Между домами строители разбили небольшой сквер. Посредине круглая клумба, от неё лучами – пять асфальтовых дорожек. Дорожки – и вверх по горе, и вниз. А клумба на ровной площадке. Вокруг вытоптанной ещё осенью клумбы – асфальтовое кольцо. Папин «москвич» стоял на асфальтовом кольце. Поднятый домкратом, автомобиль кособоко застыл на трёх колёсах. Снятое переднее правое колесо лежало у бортика клумбы. Возле колеса валялись гаечные ключи.
Перепачканный маслом, Витин папа сидел на обшарпанной алюминиевой канистре и курил. Глаза у папы светились сквозь стёкла очков не по-доброму. И замусоленную сигарету он гонял из угла в угол рта тоже не по-доброму. Вообще, когда Витин папа начинал гонять во рту сигарету, это не предвещало ничего хорошего.
Рядом с Витиным папой пристроился на корточках дядя Сеня.
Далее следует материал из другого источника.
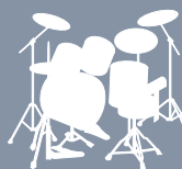
Acoustic Drum Set + RT-7K / RT-5S / RT-3T
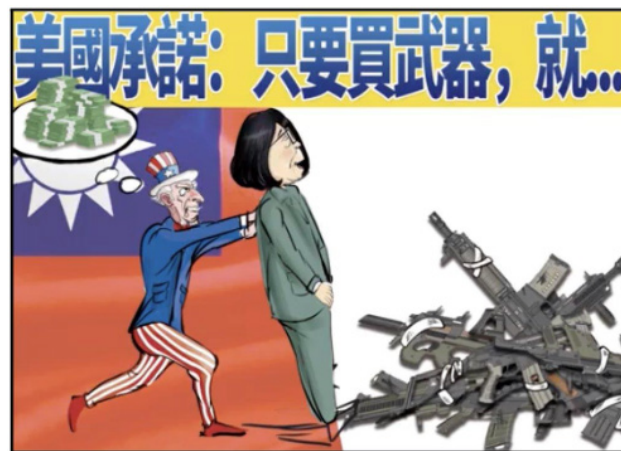
Image: “America Promises: As Long as You Buy Weapons...” Uncle Sam pushes Tsai Ing-wen to purchase cast-off US weapons. This was a sponsored image circulated on social media in Taiwan in October 2022. 42

This line of propaganda messaging also depicts Taiwan’s arms purchases as wasteful spending, which could be better applied towards social services. In one such example, the CCP’s official Xinhua News Agency issued an August 2021 commentary about an announced round of arms sales to Taiwan, claiming that people throughout Taiwan were “crying out to the Democratic Progressive Party authorities, ‘Taiwan needs vaccines not weapons’” (對民進黨當局喊話, “台灣要的是疫苗不是武器”). 41 It is also a common propaganda line to depict US arms sales as composed of overpriced and antiquated equipment—for which Taiwan officials overpay, as a means to secure broader US support—as depicted in the cartoon below, which was circulated to Taiwan social media users in autumn 2022.

За «москвичом» сиял на солнце дядин Сенин новенький тёмно-вишнёвый автомобиль «жигули».
У Витиного папы пиджак и брюки замусоленные, грязные, специально автомобильные. А у дяди Сени костюм новёхонький, отутюженный, светло-серого цвета в голубую полоску. Из кармашка на груди торчит платочек нежно-розового материала с коричневыми мазками, из такого же, что и галстук. Никогда не подумаешь, что дядя Сеня, как и Витин папа, инженер. Артист и артист. И сам красивый, и одевается красиво.